_PROBLEM DESCRIPTION_
Find the line that contains "W środku znajduje" in the records below, then repeat exactly that line and each one after it, leaving pictures out.

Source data
################
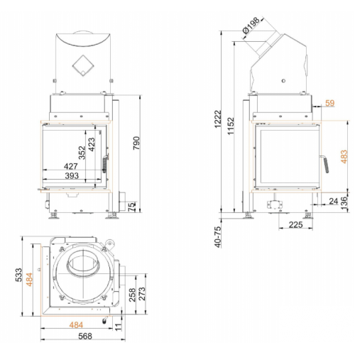 Каминная топка Brunner Eck-Kamine 42/42/42 горизонтальное открытие (без подъема)
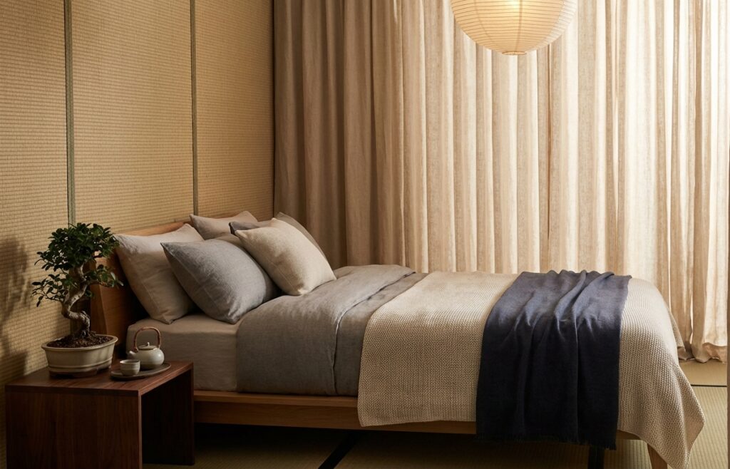 ベージュやグレー、ネイビーなどの落ち着いた色合いは、視覚的にもリラックス効果があり、就寝前の心を穏やかにしてくれます。
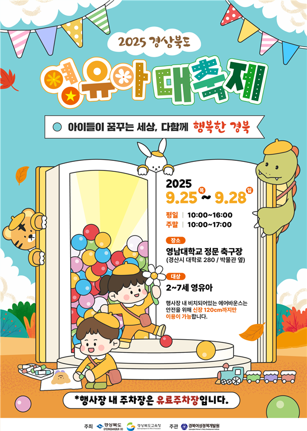 경상북도와 경상북도 교육청은 저출생 극복과 아이 우선 문화 정착을 위한 '2025 경상북도 영유아 대축제'를 2025년 9월 25일부터 28일까지 영남대학교 경산캠퍼스에서 개최합니다.
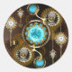 Steampunk Rusty Hintergrund mit türkisfarbenen Lin Runder Aufkleber
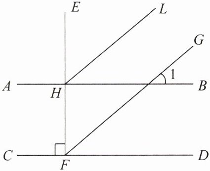 4. 如图,已知 $AB// CD$,$HL// FG$,$EF\perp CD$,$\angle 1 = 40^{\circ}$,那么 $\angle EHL$ 的度数为 (
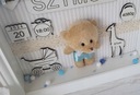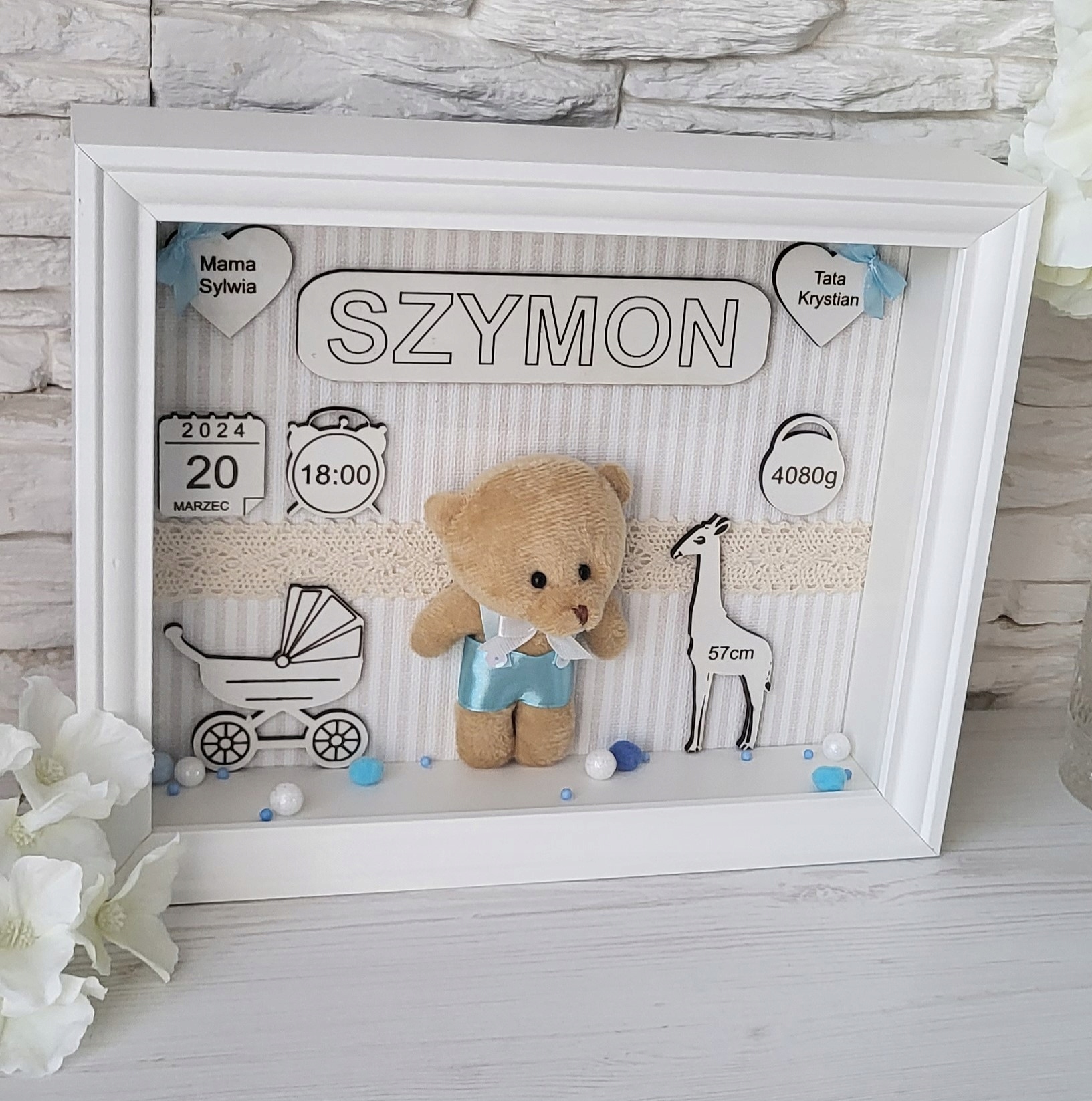 ✅ W środku znajduje się Miś pluszowy ubrany w spodenki na szelkach, a pod szyją ma piękną muchę dedykowany dla chłopca. Dla dziewczynki miś jest w sukience z kwiatkiem na głowie. Tło ramki jest w beżowe paseczki. Na tabliczkach z białego HDF wygrawerowane są :
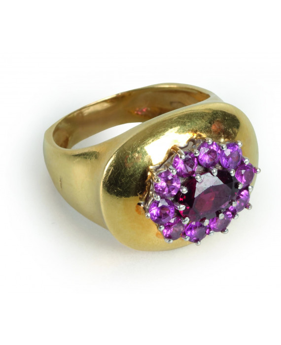 Anello in oro giallo 18Kt con ametiste taglio ovale e fondo di circa 2 carati. Peso gr. 9,7. Misura 16. Allegata dichiarazione di autenticità a cura della gioielleria Ci&Ci
################
_OUTPUT OF THE TASK_
 ✅ W środku znajduje się Miś pluszowy ubrany w spodenki na szelkach, a pod szyją ma piękną muchę dedykowany dla chłopca. Dla dziewczynki miś jest w sukience z kwiatkiem na głowie. Tło ramki jest w beżowe paseczki. Na tabliczkach z białego HDF wygrawerowane są :
 Anello in oro giallo 18Kt con ametiste taglio ovale e fondo di circa 2 carati. Peso gr. 9,7. Misura 16. Allegata dichiarazione di autenticità a cura della gioielleria Ci&Ci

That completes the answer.